À fleur de peau

Frédérique Lucien vient du dessin, va au dessin, est le dessin. Empreinte, reflet, image, trace, vanité, matrice, ex-voto ?  Fétichisme ? Sadisme latent ? Son dessin ne fermente pas, il ne raconte pas, il tue le temps – le mien en tout cas. Et ce profond silence, cet élément si prégnant dans certaines de ses oeuvres, d’où pourrait-il provenir, sinon de l’enfance, ce temps de drames et de félicité où elle, vous et moi étions de malicieux petits pervers polymorphes? Le dessin, ça peut être la feuille, la feuille de papier, de métal, de plastique, le papier découpé, le verre, le bâton qui trace un signe dans la neige. À l’encre, au pinceau, c’est toujours la question du geste, la manière de charger d’encre le pinceau, la main qui poursuit une idée. Esquisses, études, croquis. Le dessin, même s’il peut prendre une forme monumentale, renvoie à l’intime. Du silence. Des blancs…Le dessin n’est pas une préparation à autre chose. Il est la chose en soi et pour soi.

Juste après le lycée, en 1981, Frédérique Lucien a vécu une expérience peu commune. Professionnel de l’édition et architecte décorateur, son père avait enseigné le dessin et conçu des jeux éducatifs. Il prit une année de congé sabbatique pour la préparer, elle, à son entrée aux Beaux-Arts. Cette année intense aux horaires inflexibles, fut féconde : après le concours d’entrée aux Beaux-Arts de Beaune, elle fut admise directement en deuxième année!

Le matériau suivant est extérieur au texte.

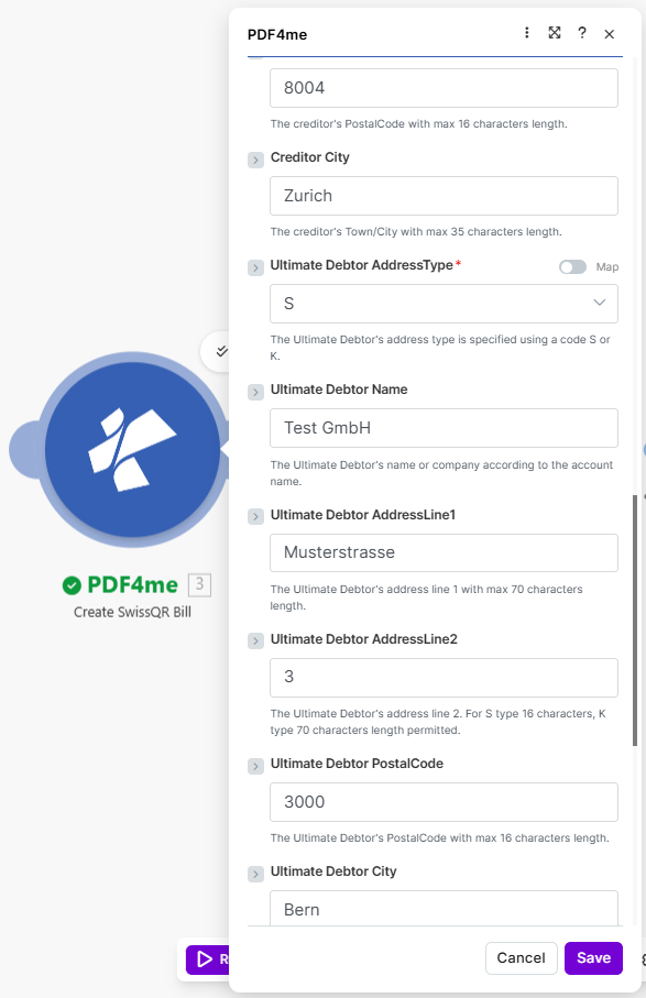 Step 3: PDF4me – Create SwissQR Bill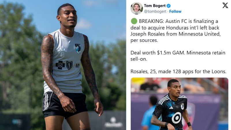 La información la confirmó el periodista estadounidense, Tom Bogert, quien además reportó que Austin FC pagará 1.5 millones de dólares (39,519,660 lempiras) a los Loons para comprar a Rosales.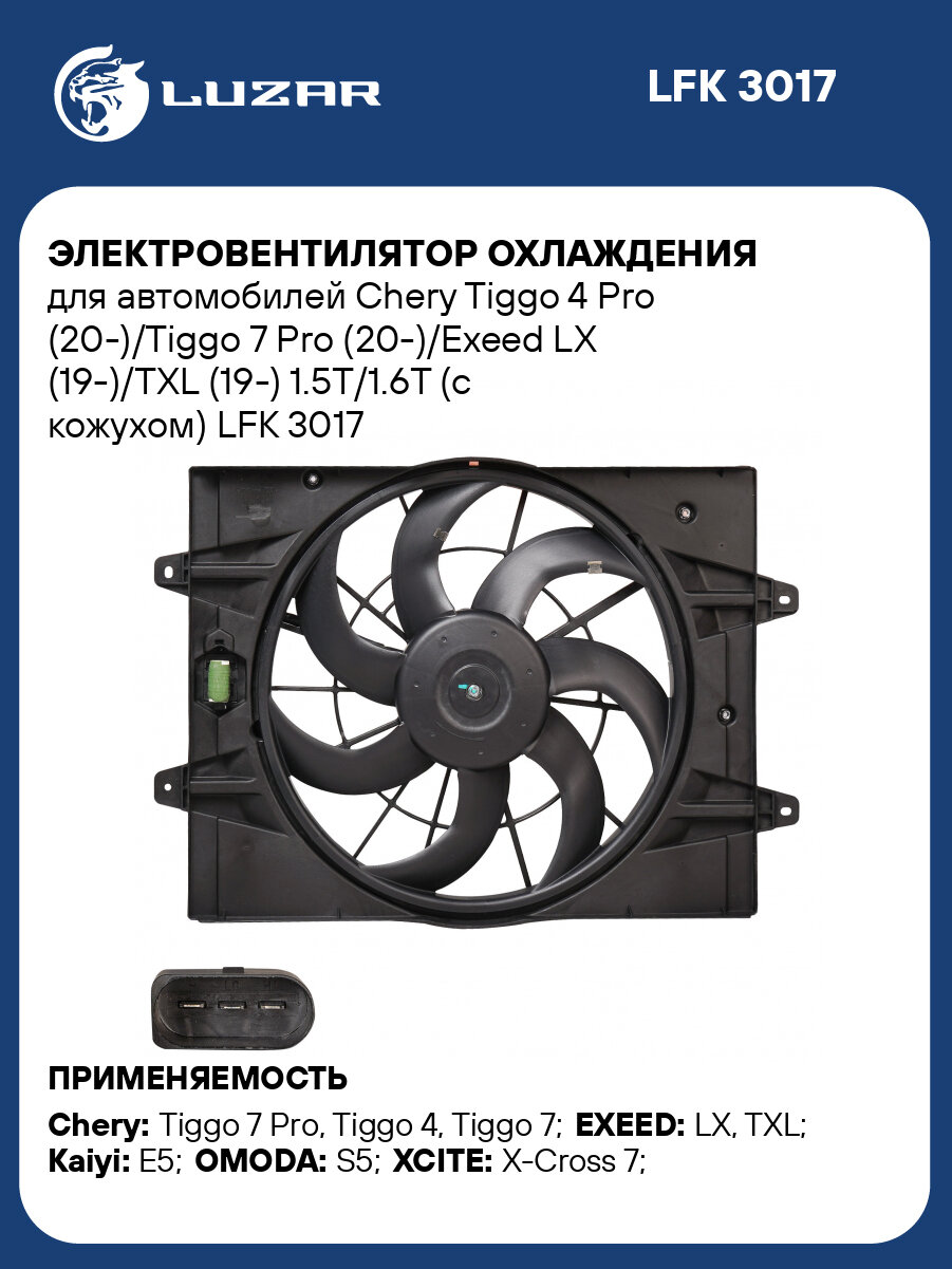 Электровентилятор охлаждения для автомобилей Chery Tiggo 4 (17-)/Tiggo 7 Pro (20-)/EXEED LX (19-)/TXL (19-) 1.5T/1.6T (с кожухом) LUZAR (LFK 3017)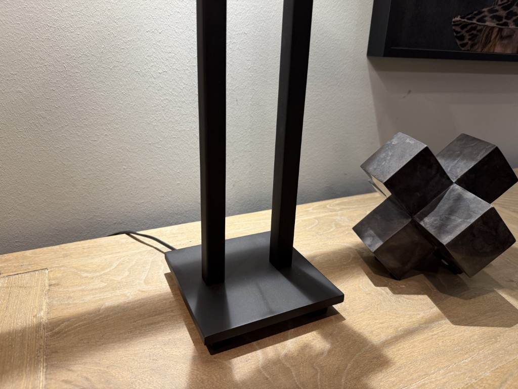 Lampe de table ‘Diable’, composée d’une base en métal et d’un abat-jour en tissu.
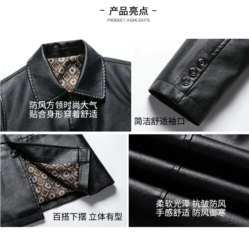 Giacca da uomo in pelle Autunno Inverno Giacche autentiche Abbigliamento da uomo Cappotti lunghi e caldi in peluche Trench frangivento moda casual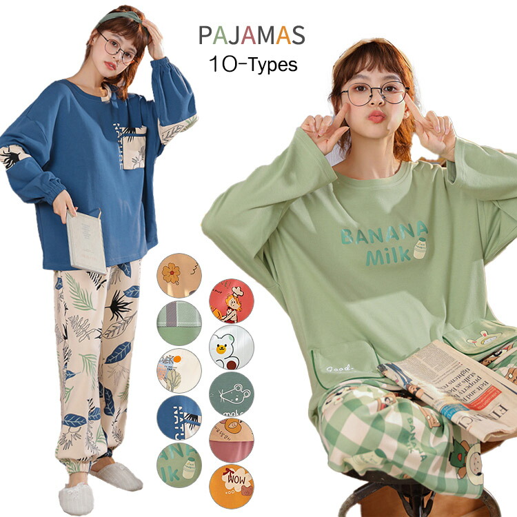 ルームウェア レディース 長袖 上下セット パジャマ 綿 長ズボン 春秋 ゆったり 可愛い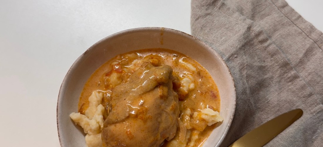Annyira megkívántam, hogy muszáj volt egy nagy adaggal készítenem. Reggel leszaladtam a kisboltba friss csirkecombokért, ah isteni finom lett! Természetesen készült hozzá nokedli is, mert úgy az igazi! Jó sok szafttal, mennyei lett.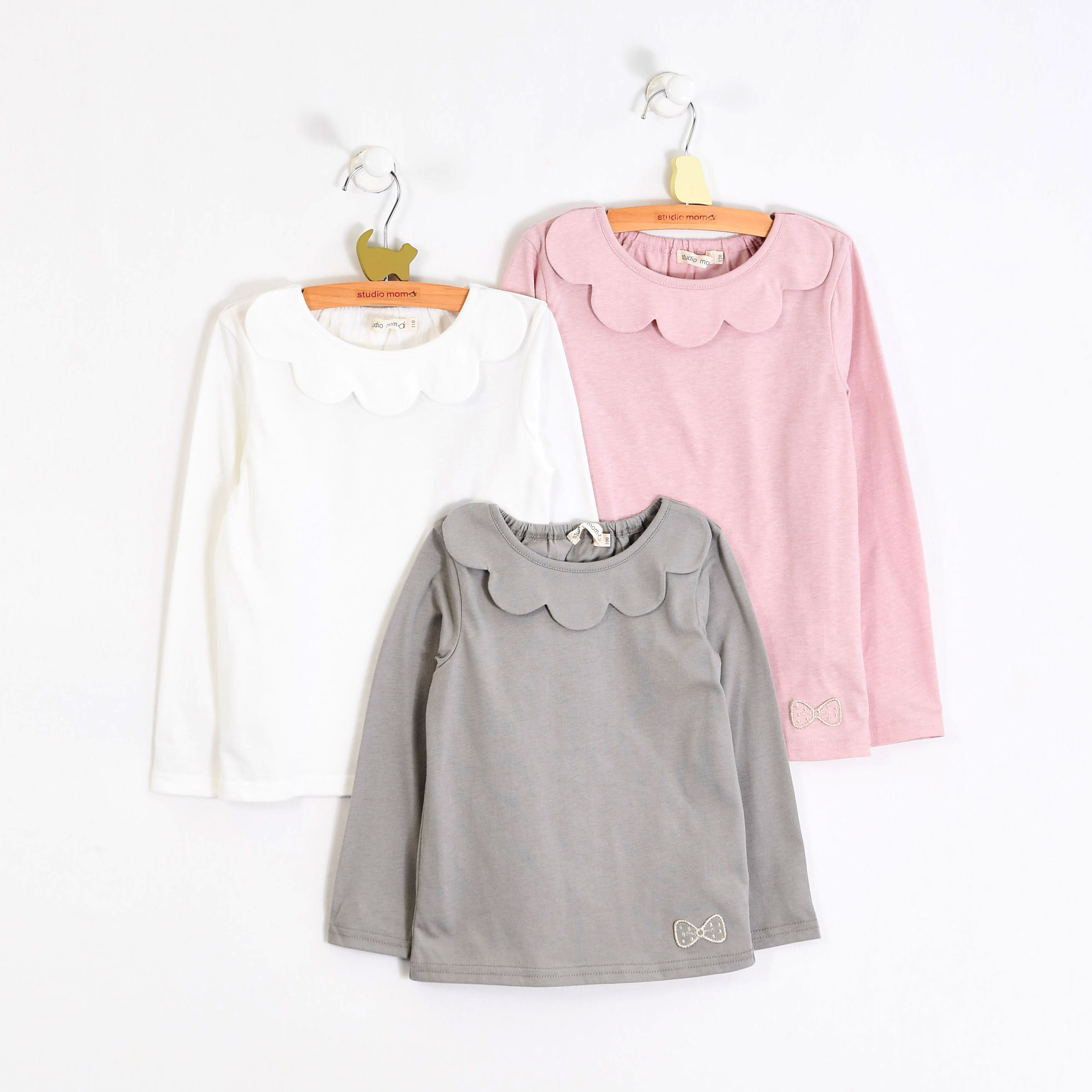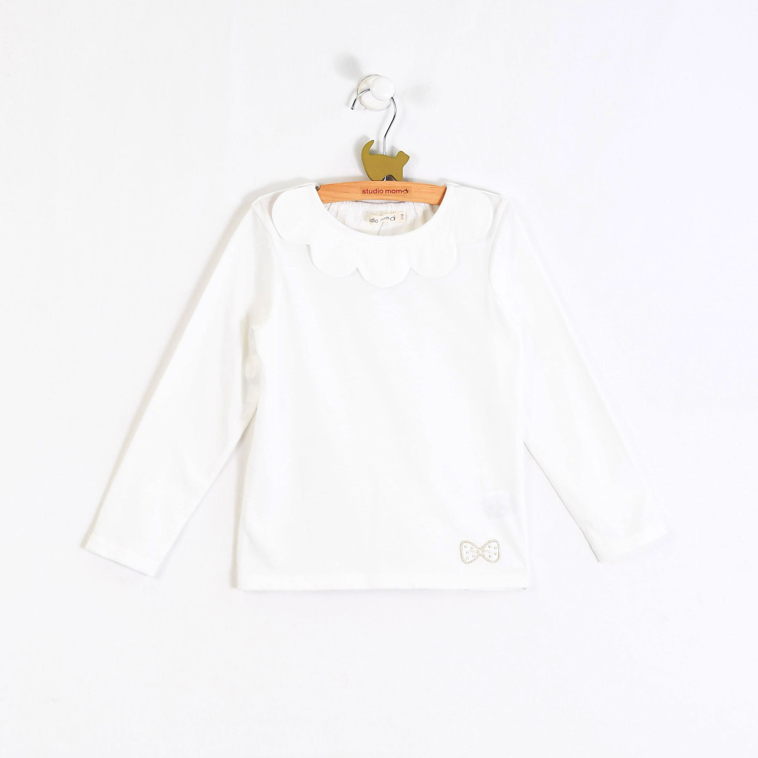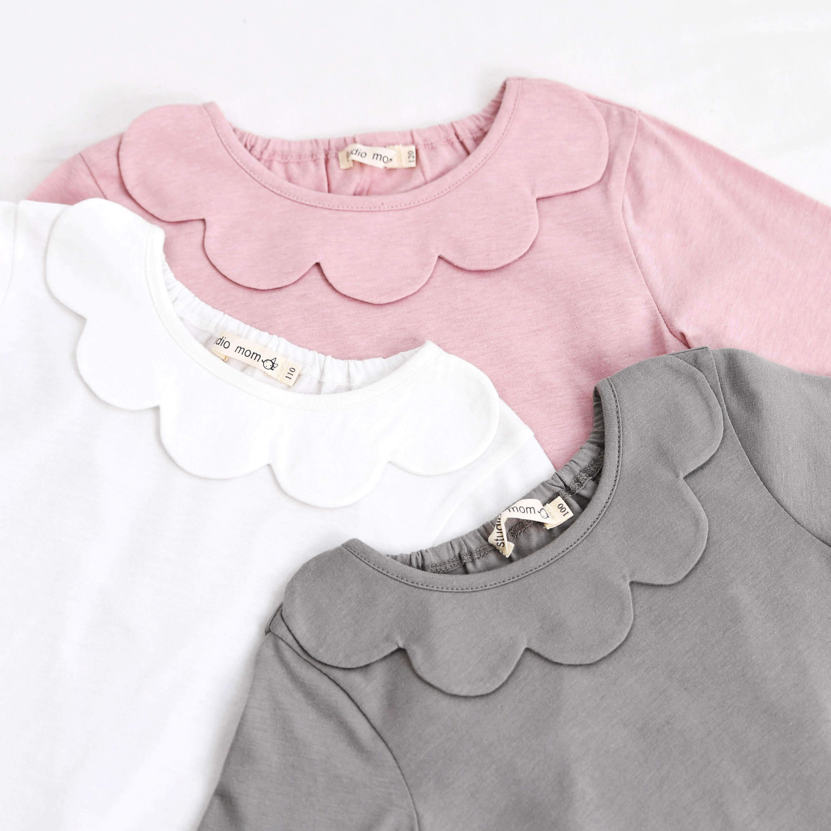 【プルオーバー】momo 定番のスカラップインナー。色違いで何枚あっても活躍する万能インナーです。リボンワッペン付き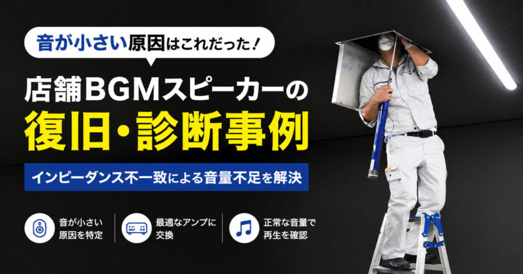 音響4月 29, 2026天井スピーカーの音が小さい?原因は“インピーダンス不一致”でした【復旧・診断事例】

Voyager, collecter, ranger, trier, classer…Ses parents étaient d’assidus chasseurs et collectionneurs de papillons, qu’ils mettaient en boîte selon différentes taxinomies : mâles, femelles, tailles, familles, lieux de chasse. Les livres accompagnaient cette active collecte. la famille partait camper dans des montagnes espagnoles, où les grottes peintes étaient encore facilement accessibles. Là, le volume de la roche induisait ou dynamisait le trait, soulignait une expression, un animal, un mouvement, un troupeau, un personnage. Plus tard, elle partira avec son père dans des arboretums en France et en Allemagne pour y constituer une documentation photographique. Dans son travail actuel, la photographie prend une place aussi importante que l’observation sur le motif. Elle lui apporte un cadrage mais lui permet aussi de restituer la spécificité sensible des fragments de corps, la qualité de la peau, les aspérités de la chair. Quant au dessin d’observation sur le vif, il intervient pour l’élément végétal, avec un travail plus formel. C’est l’été que Frédérique Lucien collecte ce qui lui servira de matériau en atelier toute l’année. À la combinaison initiale de ces deux sources s’ajoute un protocole où interviennent le support, l’environnement, la série, le choix de certains de ses sujets et la manière d’exposer ses oeuvres une fois achevées.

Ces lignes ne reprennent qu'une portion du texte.